Rapid assessment of left ventricular volume by short axis cine MRI

SM Forbat, MA Sakrana, KH Darasz, F El-Demerdash and SR Underwood
Royal Brompton Hospital, London, UK.

MRI is an established and accurate method of measuring left and right ventricular volumes by summing chamber areas in multiple contiguous slices. Acquisition time may be up to 45 min. We have estimated volumes with gradient echo imaging to test the accuracy of a more rapid method (total acquisition time 15 min) using a recognized echocardiographic algorithm. The results were compared with the spin echo method.
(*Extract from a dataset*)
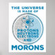 Are you sure the universe is full of idiots? Are there too many morons for your taste? Then this is a great product for you or to give to friends, family and colleagues. The Universe is made of Protons, Neutrons, Electrons and Morons.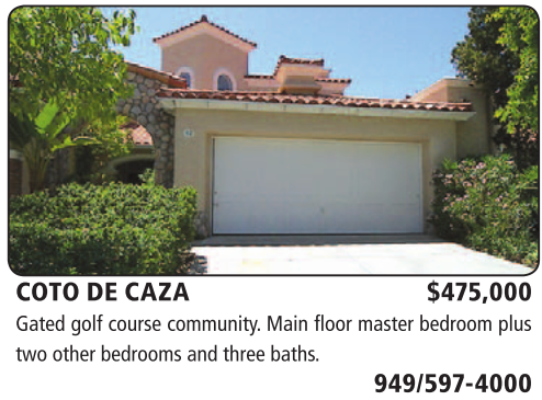 COTO DE CAZA $475,000 Gated golf course community. Main floor master bedroom plus two other bedrooms and three baths.

We studied 20 patients (mean age 52 years, 15 male) within 6 months of anterior myocardial infarction and 20 normal subjects (mean age 40 years, 19 males). For the rapid method, cine acquisitions were made in the horizontal long axis plane and in two short axis planes which divided the long axis into three equal parts. Volume was calculated assuming the ventricle to be composed of a cylinder, a truncated cone and a cone. There was good agreement between the two methods at end diastole with a mean difference (+/- standard error, +/- 95% confidence interval for limits of agreement) of -3 ml (+/- 8.3, +/- 37%) for normal subjects and 1.5 ml (+/- 4.2, +/- 25%) for patients. Agreement was less good at end systole with mean difference of 12.1 (+/- 3.5, +/- 41%) for normal subjects and 25.7 (+/- 3.7, +/- 47%) for patients. The rapid method, therefore, significantly underestimated end systolic volume compared with the previous method. Rapid measurements of end diastolic volume are more accurate than those of end systolic volume and hence ejection fraction. Provided the potential error is recognized, the rapid technique can be used in routine clinical practice in both normal and abnormal ventricles.